European Central Bank

The European Central Bank was late in starting to hike rates, and the rate of tightening has been slower than the Fed (peaking at 50bps per meeting). Inflation has rocketed higher since 2022, rising from an average of around 2% to over 10% YoY. The key difference to the US inflation figures is that the Eurozone inflation is dropping at a much slower pace. This is primarily due to the Eurozone’s strong dependence on imported energy; this factor has kept price pressures high and is expected to continue to do so. Chair Christine Lagarde and many other ECB members remain hawkish, projecting more 50bp hikes for as long as inflation stays above target.

Bank of England

Unsurprisingly, it’s a similar story in the UK in terms of inflation. CPI shot higher in 2022, reaching a YoY peak above 11% and still printing over 10%. The BoE has a difficult task in its hands, trying to fight inflation with tighter monetary conditions while the UK economy shows increasing signs of an incoming recession. This has been reflected in some of the MPC members, having two voting for no change in rates, in the last interest rate decision meeting. The Bank of England is arguably one of the most dovish central banks, and this can put downward pressure on UK rates and Sterling.

Bank of Japan

Japan has enjoyed very low inflation for decades, and this has enabled it to run an extremely accommodative monetary policy for a prolonged period. Inflation has finally started to substantially exceed their target, and this has led the market to finally price a BoJ move away from negative rates. There was growing expectation for a change in policy in this week’s rate decision meeting, but that didn’t materialize, much to the JPY bulls’ frustration. The markets are certainly pricing a change in BoJ policy, with the Yen having appreciated over 15% vs. the USD in the past 3 months.

Market Implications

The main driver for markets has arguable been the level of yields, with the 10y US Treasuries in particular. As mentioned above, the curve has remained very inverted in the past months, and this phenomenon almost always precedes a recession. It’s probably fair to say that the market is pricing too much easing too quickly for the Fed, and so a bounce back in yields is possible in the short term. We have bounced from a confluence of supports in the US 10y yield, and a potential rally could have targets in the 3.60s or even challenge the previous highs at 3.90%.
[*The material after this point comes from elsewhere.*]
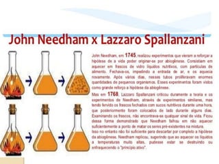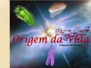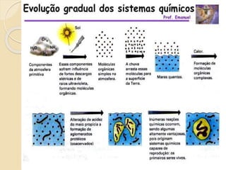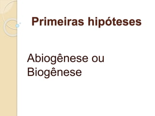 O documento discute as primeiras hipóteses sobre a origem da vida, incluindo abiogênese e biogênese. Apresenta experimentos de Redi e Pasteur que refutaram a abiogênese e apoiaram a biogênese. Também descreve a teoria da evolução química de Oparin e Haldane para a origem do primeiro ser vivo e o experimento de Miller para validar essa teoria.
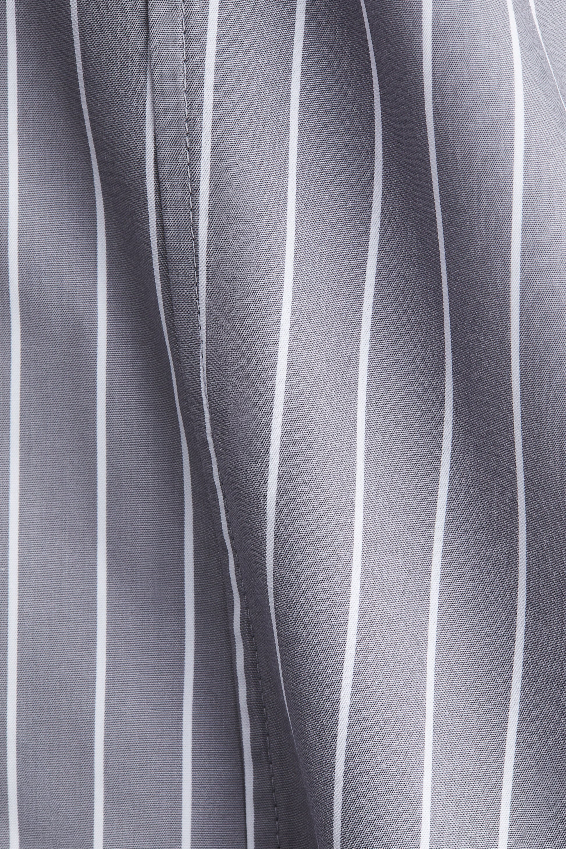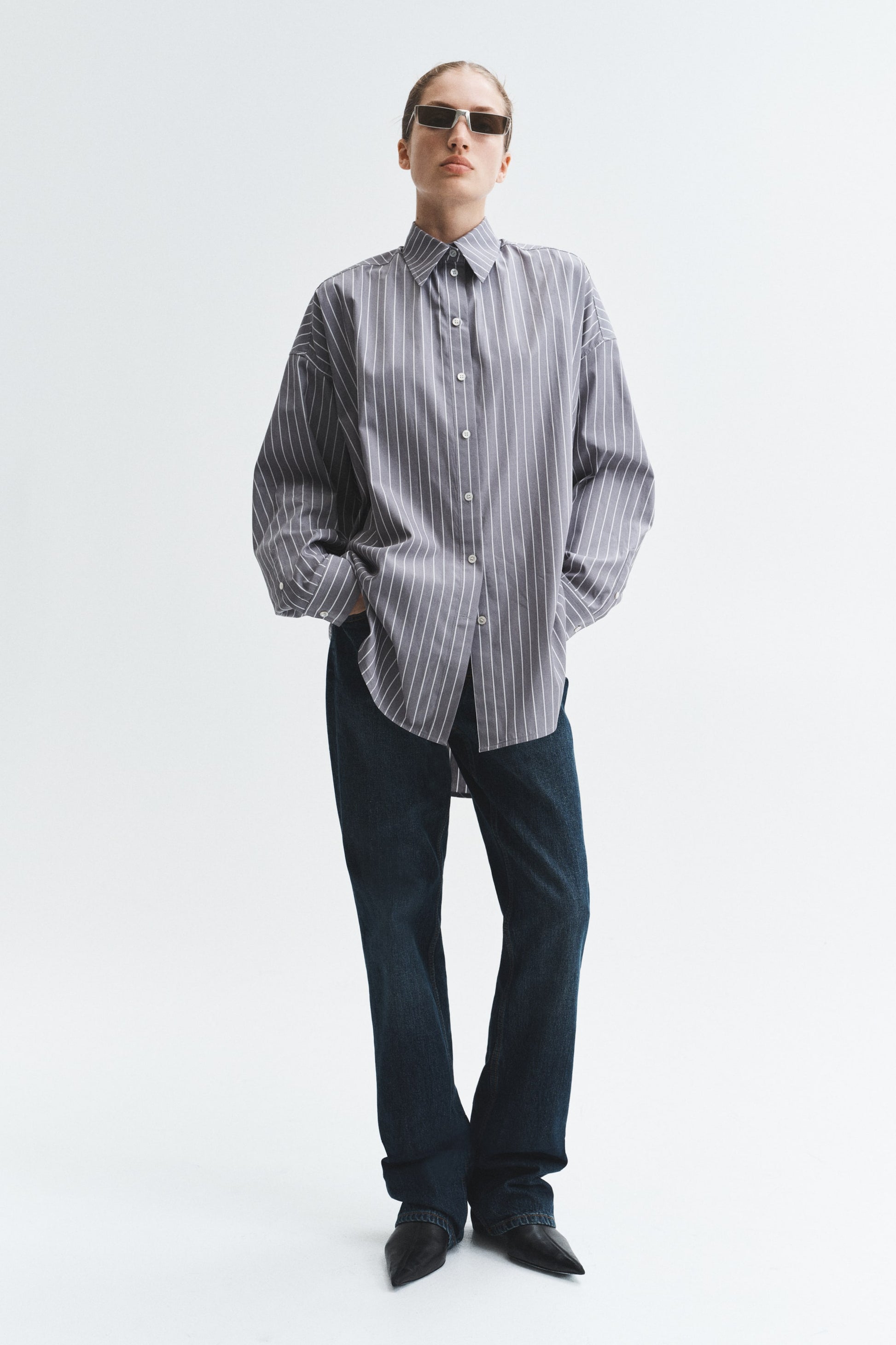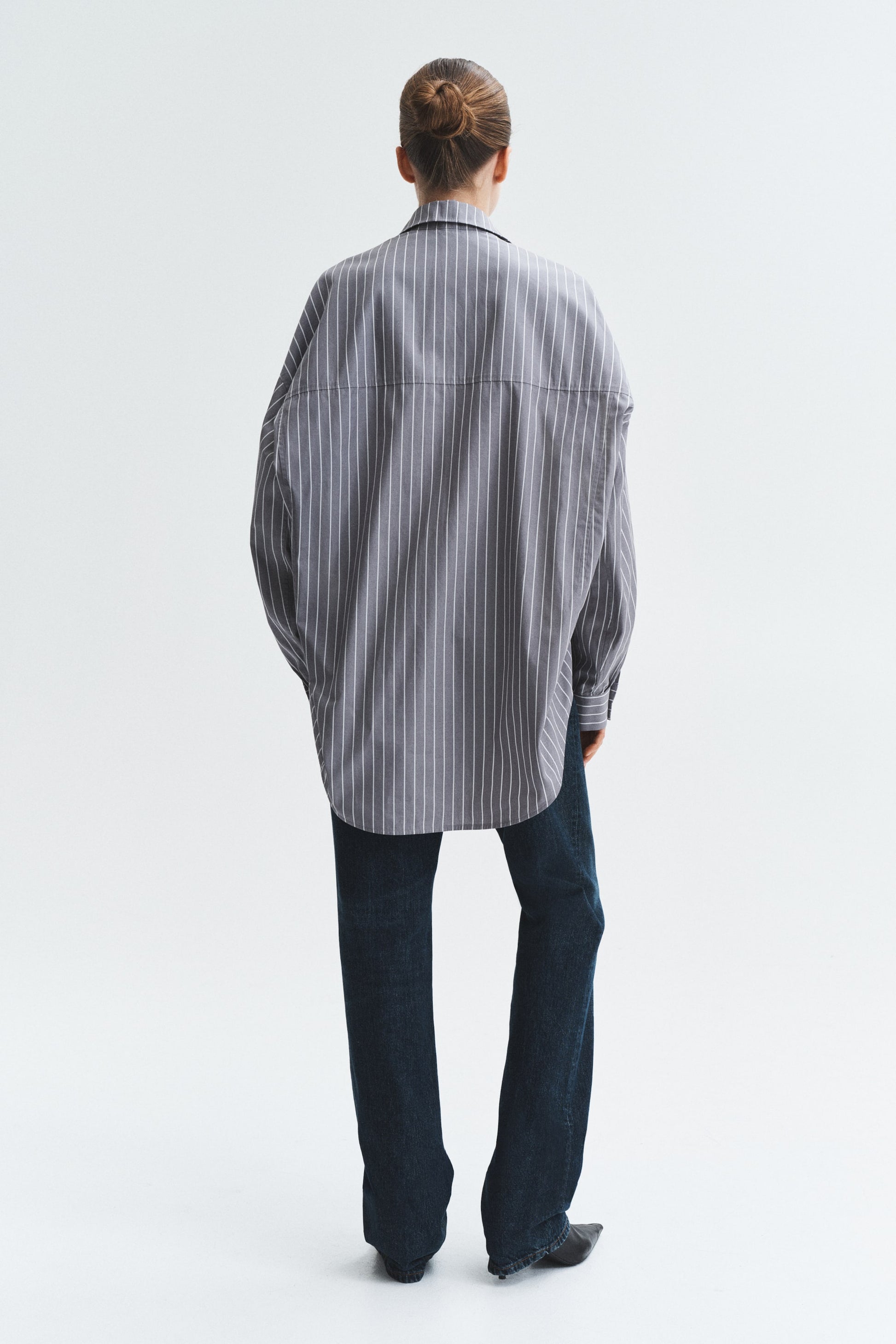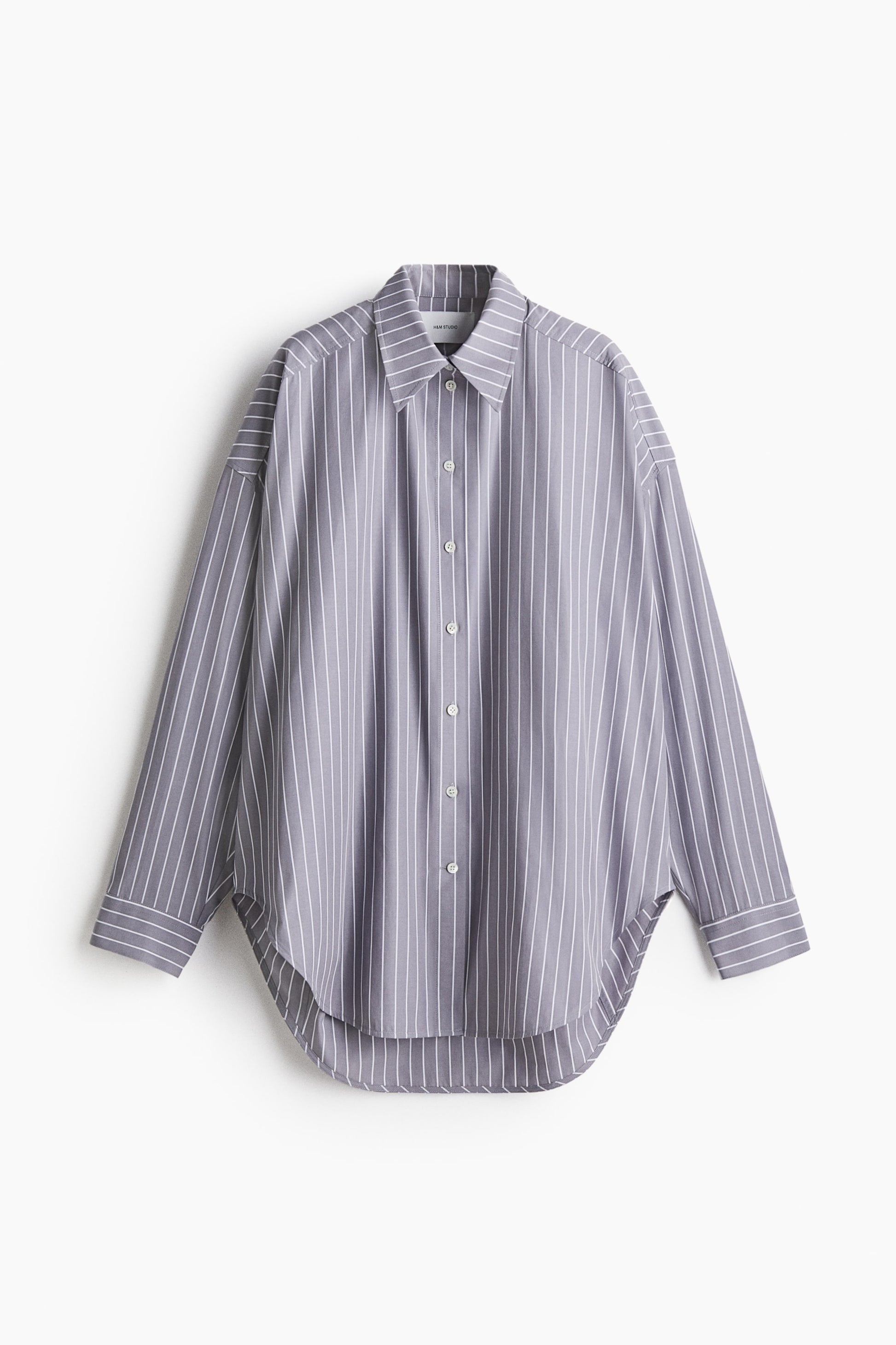 Loose-fit shirt in crisp cotton poplin with a pointed collar and buttons down the front. Double-layered yoke, dropped shoulders and long, wide sleeves with buttoned cuffs and a sleeve placket with a link button. Curved hem with high side vents. Slightly longer at the back.

If yields move higher from here, then the logical reaction would be to see the US Dollar strengthen. With support confluence in the low 102s, we could rise towards the next upside targets at around 105 and 108.8

Equities have been quite resilient in the face of rising yields, but the global economic environment has turned for the worse in the past few months. The S&P500 index has already dropped nearly 20% from the all-time highs, but there is still potential for more downside.
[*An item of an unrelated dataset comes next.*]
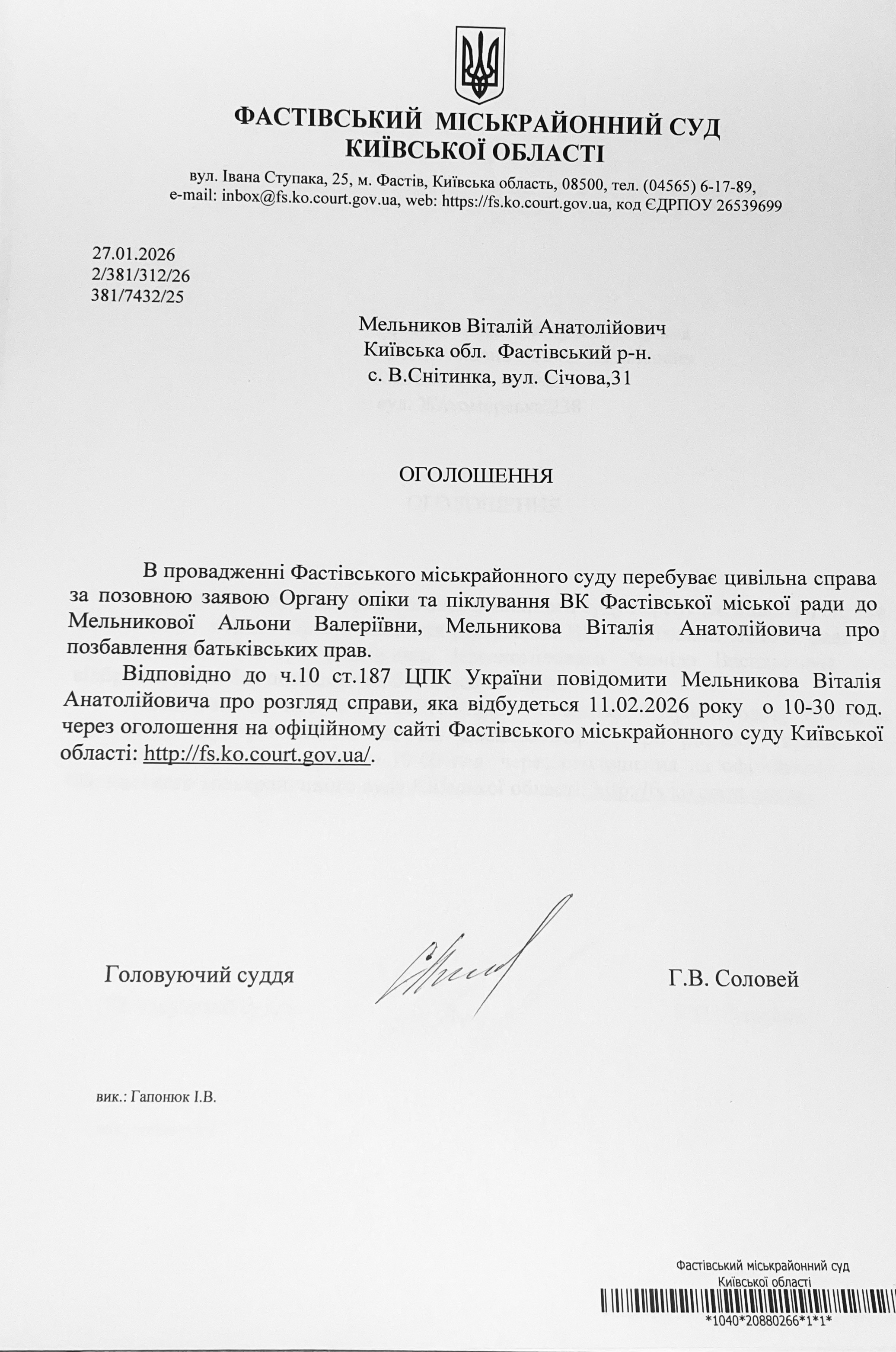Фастівський міськрайонний суд Київської області повідомляє Мельникова Віталія Анатолійовича про розгляд справи, який відбудеться 11.02.2026 року о 10 год 30 хв

Since 2008, the market has been conditioned to get into buy-the-dip mode as soon as the economy weakens, anticipating supportive central bank action. However, the current environment might finally be marking a change to this behaviour. The combination of higher yields, high inflation and a fall in general company earnings might be the catalyst for another leg lower in risk assets. The S&P500 index – currently at around 3900 points – has important resistance at around 4000, and a potential downside at around 3600.

The main takeaway from all the above is that there is currently an apparent central bank divergence, and this may persist in the near term:

  • the ECB is hawkish and still behind on the hiking cycle.
  • the Fed is hawkish but near the end of the hiking cycle.
  • the BoE is dovish and near the end of the hiking cycle.
  • the BoJ is still dovish but should embark on a hiking cycle soon.